The weightgap principle applies, using the following adequate RMI:
The following argument positions are usable:
Uargs(natsFrom) = {}, Uargs(cons) = {}, Uargs(s) = {},
Uargs(fst) = {}, Uargs(pair) = {}, Uargs(snd) = {},
Uargs(splitAt) = {}, Uargs(u) = {}, Uargs(head) = {},
Uargs(tail) = {}, Uargs(sel) = {}, Uargs(afterNth) = {},
Uargs(take) = {}, Uargs(natsFrom^#) = {}, Uargs(c_0) = {},
Uargs(fst^#) = {}, Uargs(snd^#) = {}, Uargs(splitAt^#) = {},
Uargs(c_4) = {}, Uargs(u^#) = {}, Uargs(head^#) = {},
Uargs(tail^#) = {}, Uargs(sel^#) = {}, Uargs(c_8) = {},
Uargs(take^#) = {}, Uargs(c_9) = {}, Uargs(afterNth^#) = {},
Uargs(c_10) = {}
We have the following constructor-restricted matrix interpretation:
Interpretation Functions:
natsFrom(x1) = [0 0 0] x1 + [0]
[0 0 0] [0]
[0 0 0] [0]
cons(x1, x2) = [0 0 0] x1 + [0 0 0] x2 + [0]
[0 0 0] [0 0 0] [0]
[0 0 0] [0 0 0] [0]
s(x1) = [0 0 0] x1 + [0]
[0 0 0] [0]
[0 0 0] [0]
fst(x1) = [0 0 0] x1 + [0]
[0 0 0] [0]
[0 0 0] [0]
pair(x1, x2) = [0 0 0] x1 + [0 0 0] x2 + [0]
[0 0 0] [0 0 0] [0]
[0 0 0] [0 0 0] [0]
snd(x1) = [0 0 0] x1 + [0]
[0 0 0] [0]
[0 0 0] [0]
splitAt(x1, x2) = [0 0 0] x1 + [0 0 0] x2 + [0]
[0 0 0] [0 0 0] [0]
[0 0 0] [0 0 0] [0]
0() = [0]
[0]
[0]
nil() = [0]
[0]
[0]
u(x1, x2, x3, x4) = [0 0 0] x1 + [0 0 0] x2 + [0 0 0] x3 + [0 0 0] x4 + [0]

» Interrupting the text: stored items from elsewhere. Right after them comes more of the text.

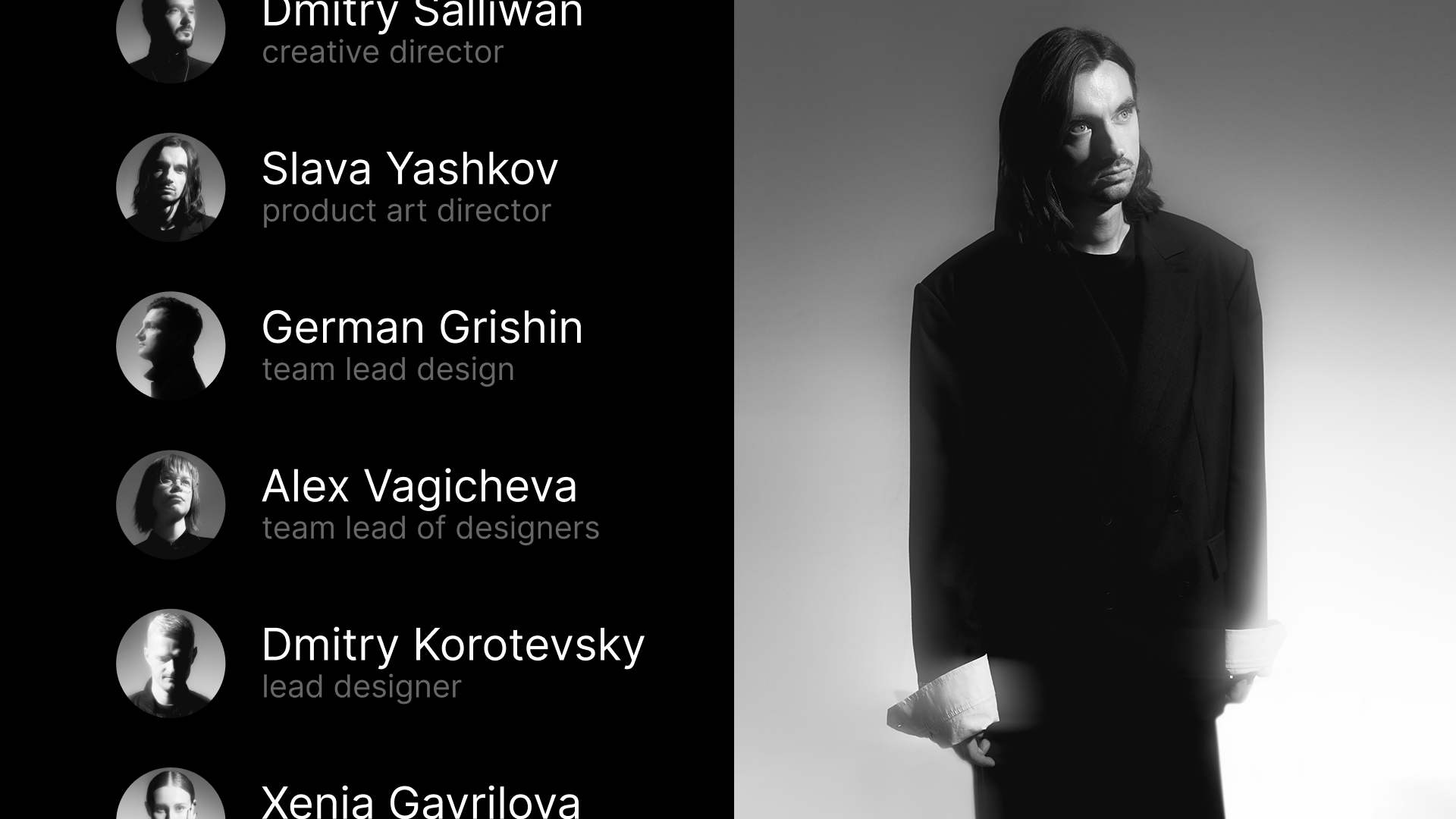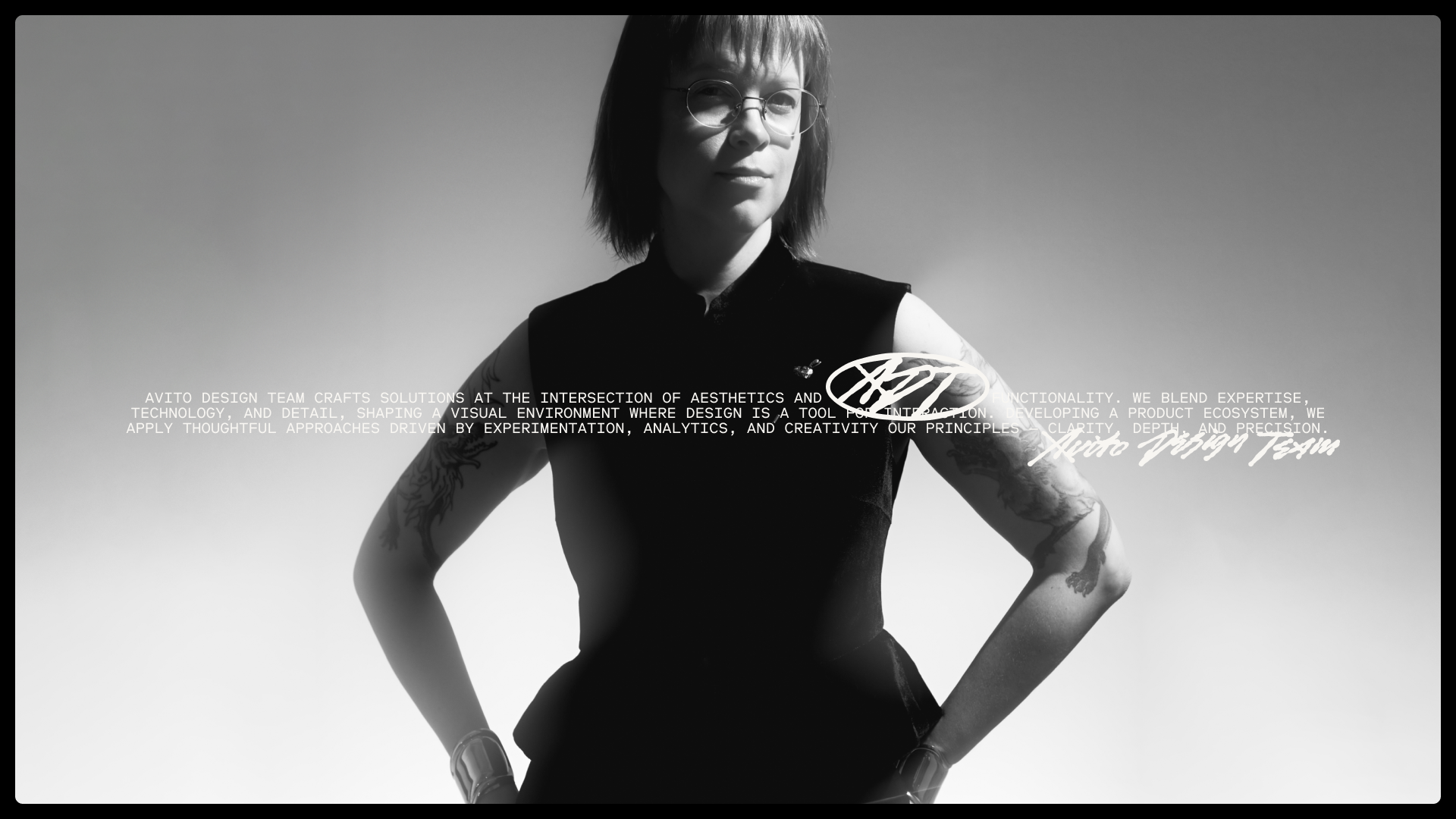 Съёмка стала не просто частью визуальной коммуникации, а важным элементом культуры команды. Чёрно-белые портреты передают характер каждого участника и ощущение единства «дизайн-гильдии» — сообщества профессионалов, стоящих за визуальной коммуникацией Авито.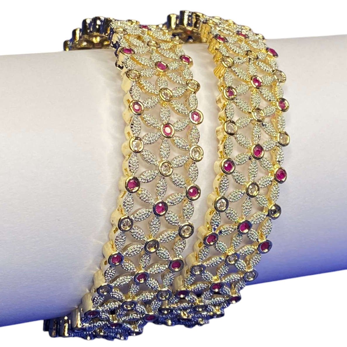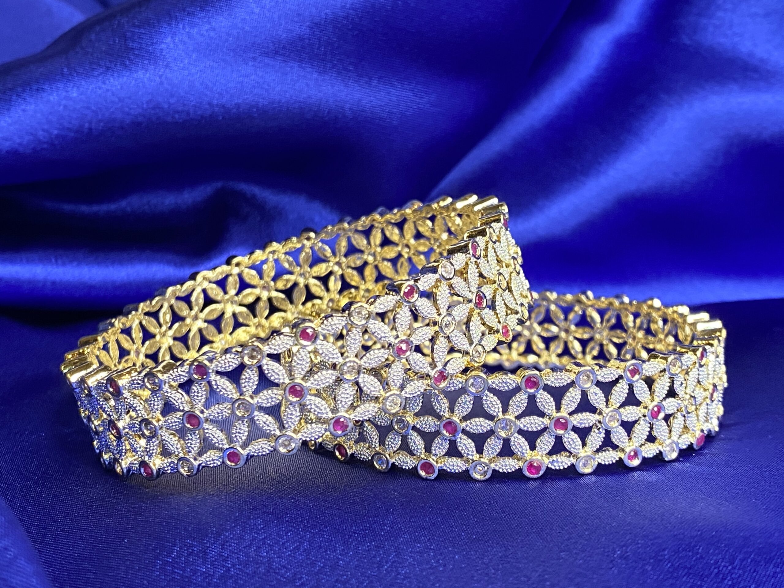 An intricate floral design with the hint of red by adding stones to it. A perfect blend of traditional and modern designs.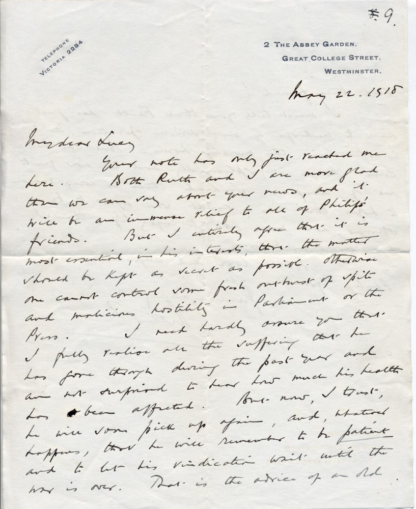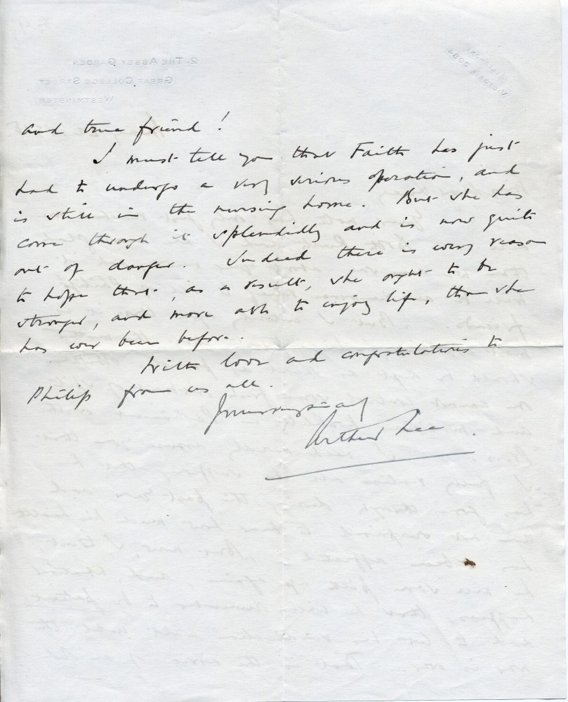 Letter from Lord Lee to Lucy regarding de László's internment; delighted by the good news (possibly the artist's move from an internment camp to a nursing home), but advises that vindication should wait until war is over. Mentions Faith's successful operation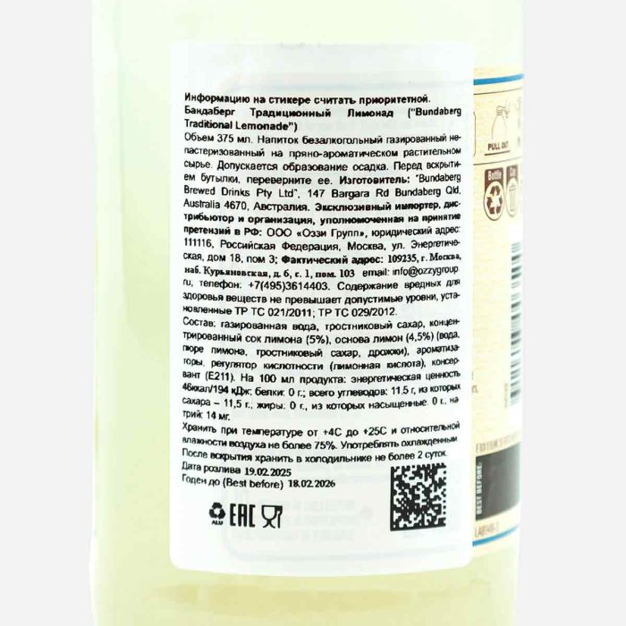 Напиток Бандаберг Традиционный лимонад газ ст/б 0,375л

[0 0 0] [0 0 0] [0 0 0] [0 0 0] [0]
[0 0 0] [0 0 0] [0 0 0] [0 0 0] [0]
head(x1) = [0 0 0] x1 + [0]
[0 0 0] [0]
[0 0 0] [0]
tail(x1) = [0 0 0] x1 + [0]
[0 0 0] [0]
[0 0 0] [0]
sel(x1, x2) = [0 0 0] x1 + [0 0 0] x2 + [0]
[0 0 0] [0 0 0] [0]
[0 0 0] [0 0 0] [0]
afterNth(x1, x2) = [0 0 0] x1 + [0 0 0] x2 + [0]
[0 0 0] [0 0 0] [0]
[0 0 0] [0 0 0] [0]
take(x1, x2) = [0 0 0] x1 + [0 0 0] x2 + [0]
[0 0 0] [0 0 0] [0]
[0 0 0] [0 0 0] [0]
natsFrom^#(x1) = [0 0 0] x1 + [0]
[0 0 0] [0]
[0 0 0] [0]
c_0(x1) = [0 0 0] x1 + [0]
[0 0 0] [0]
[0 0 0] [0]
fst^#(x1) = [0 0 0] x1 + [0]
[0 0 0] [0]
[0 0 0] [0]
c_1() = [0]
[0]
[0]
snd^#(x1) = [0 0 0] x1 + [0]
[0 0 0] [0]
[0 0 0] [0]
c_2() = [0]
[0]
[0]
splitAt^#(x1, x2) = [0 0 0] x1 + [0 0 0] x2 + [0]
[0 0 0] [0 0 0] [0]
[0 0 0] [0 0 0] [0]
c_3() = [0]
[0]
[0]
c_4(x1) = [0 0 0] x1 + [0]
[0 0 0] [0]
[0 0 0] [0]
u^#(x1, x2, x3, x4) = [0 0 0] x1 + [0 0 0] x2 + [0 0 0] x3 + [0 0 0] x4 + [0]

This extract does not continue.